EXERCISE BRIEF
Quote every line of the material beneath this one.

** Opening RECORDS FOR THIS EXERCISE block **

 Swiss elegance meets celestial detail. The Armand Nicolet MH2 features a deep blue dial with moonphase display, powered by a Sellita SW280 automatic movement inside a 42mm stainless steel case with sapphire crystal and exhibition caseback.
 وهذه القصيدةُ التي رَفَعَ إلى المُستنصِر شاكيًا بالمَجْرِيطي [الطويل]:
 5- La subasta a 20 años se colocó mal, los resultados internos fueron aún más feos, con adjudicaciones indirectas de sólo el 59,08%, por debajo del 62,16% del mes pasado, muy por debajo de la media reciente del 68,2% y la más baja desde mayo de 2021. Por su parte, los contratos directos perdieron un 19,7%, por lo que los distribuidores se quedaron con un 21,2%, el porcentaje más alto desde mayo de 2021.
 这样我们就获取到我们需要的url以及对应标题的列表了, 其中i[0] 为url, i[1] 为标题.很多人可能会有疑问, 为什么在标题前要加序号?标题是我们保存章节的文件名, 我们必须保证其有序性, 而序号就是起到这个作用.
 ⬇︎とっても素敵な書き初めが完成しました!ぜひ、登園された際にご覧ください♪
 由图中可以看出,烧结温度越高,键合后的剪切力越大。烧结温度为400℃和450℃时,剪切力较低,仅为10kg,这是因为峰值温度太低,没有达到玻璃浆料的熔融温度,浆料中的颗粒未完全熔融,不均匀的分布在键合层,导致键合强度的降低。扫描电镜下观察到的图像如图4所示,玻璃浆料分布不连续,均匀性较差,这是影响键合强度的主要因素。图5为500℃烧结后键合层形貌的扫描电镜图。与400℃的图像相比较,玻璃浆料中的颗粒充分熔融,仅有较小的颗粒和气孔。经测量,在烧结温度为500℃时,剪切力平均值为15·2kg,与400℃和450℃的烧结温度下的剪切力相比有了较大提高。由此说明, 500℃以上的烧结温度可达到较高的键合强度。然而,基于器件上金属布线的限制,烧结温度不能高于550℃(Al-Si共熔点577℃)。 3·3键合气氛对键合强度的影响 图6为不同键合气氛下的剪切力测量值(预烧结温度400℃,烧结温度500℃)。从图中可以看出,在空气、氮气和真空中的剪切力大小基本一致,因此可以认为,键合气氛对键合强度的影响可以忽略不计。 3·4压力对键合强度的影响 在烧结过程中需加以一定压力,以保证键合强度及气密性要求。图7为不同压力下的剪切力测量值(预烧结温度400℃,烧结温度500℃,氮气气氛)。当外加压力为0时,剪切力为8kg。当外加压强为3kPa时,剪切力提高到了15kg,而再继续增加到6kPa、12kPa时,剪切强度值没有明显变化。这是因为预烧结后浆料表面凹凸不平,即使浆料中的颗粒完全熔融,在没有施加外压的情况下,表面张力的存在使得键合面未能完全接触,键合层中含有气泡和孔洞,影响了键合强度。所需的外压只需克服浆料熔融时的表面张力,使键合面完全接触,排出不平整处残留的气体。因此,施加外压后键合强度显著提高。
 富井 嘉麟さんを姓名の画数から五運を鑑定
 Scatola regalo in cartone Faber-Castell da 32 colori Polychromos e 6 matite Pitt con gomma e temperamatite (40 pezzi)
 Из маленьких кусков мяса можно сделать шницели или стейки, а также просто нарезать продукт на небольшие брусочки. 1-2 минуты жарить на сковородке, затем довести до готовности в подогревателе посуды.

** Closing RECORDS FOR THIS EXERCISE block **

EXERCISE ANSWER
 Swiss elegance meets celestial detail. The Armand Nicolet MH2 features a deep blue dial with moonphase display, powered by a Sellita SW280 automatic movement inside a 42mm stainless steel case with sapphire crystal and exhibition caseback.
 وهذه القصيدةُ التي رَفَعَ إلى المُستنصِر شاكيًا بالمَجْرِيطي [الطويل]:
 5- La subasta a 20 años se colocó mal, los resultados internos fueron aún más feos, con adjudicaciones indirectas de sólo el 59,08%, por debajo del 62,16% del mes pasado, muy por debajo de la media reciente del 68,2% y la más baja desde mayo de 2021. Por su parte, los contratos directos perdieron un 19,7%, por lo que los distribuidores se quedaron con un 21,2%, el porcentaje más alto desde mayo de 2021.
 这样我们就获取到我们需要的url以及对应标题的列表了, 其中i[0] 为url, i[1] 为标题.很多人可能会有疑问, 为什么在标题前要加序号?标题是我们保存章节的文件名, 我们必须保证其有序性, 而序号就是起到这个作用.
 ⬇︎とっても素敵な書き初めが完成しました!ぜひ、登園された際にご覧ください♪
 由图中可以看出,烧结温度越高,键合后的剪切力越大。烧结温度为400℃和450℃时,剪切力较低,仅为10kg,这是因为峰值温度太低,没有达到玻璃浆料的熔融温度,浆料中的颗粒未完全熔融,不均匀的分布在键合层,导致键合强度的降低。扫描电镜下观察到的图像如图4所示,玻璃浆料分布不连续,均匀性较差,这是影响键合强度的主要因素。图5为500℃烧结后键合层形貌的扫描电镜图。与400℃的图像相比较,玻璃浆料中的颗粒充分熔融,仅有较小的颗粒和气孔。经测量,在烧结温度为500℃时,剪切力平均值为15·2kg,与400℃和450℃的烧结温度下的剪切力相比有了较大提高。由此说明, 500℃以上的烧结温度可达到较高的键合强度。然而,基于器件上金属布线的限制,烧结温度不能高于550℃(Al-Si共熔点577℃)。 3·3键合气氛对键合强度的影响 图6为不同键合气氛下的剪切力测量值(预烧结温度400℃,烧结温度500℃)。从图中可以看出,在空气、氮气和真空中的剪切力大小基本一致,因此可以认为,键合气氛对键合强度的影响可以忽略不计。 3·4压力对键合强度的影响 在烧结过程中需加以一定压力,以保证键合强度及气密性要求。图7为不同压力下的剪切力测量值(预烧结温度400℃,烧结温度500℃,氮气气氛)。当外加压力为0时,剪切力为8kg。当外加压强为3kPa时,剪切力提高到了15kg,而再继续增加到6kPa、12kPa时,剪切强度值没有明显变化。这是因为预烧结后浆料表面凹凸不平,即使浆料中的颗粒完全熔融,在没有施加外压的情况下,表面张力的存在使得键合面未能完全接触,键合层中含有气泡和孔洞,影响了键合强度。所需的外压只需克服浆料熔融时的表面张力,使键合面完全接触,排出不平整处残留的气体。因此,施加外压后键合强度显著提高。
 富井 嘉麟さんを姓名の画数から五運を鑑定
 Scatola regalo in cartone Faber-Castell da 32 colori Polychromos e 6 matite Pitt con gomma e temperamatite (40 pezzi)
 Из маленьких кусков мяса можно сделать шницели или стейки, а также просто нарезать продукт на небольшие брусочки. 1-2 минуты жарить на сковородке, затем довести до готовности в подогревателе посуды.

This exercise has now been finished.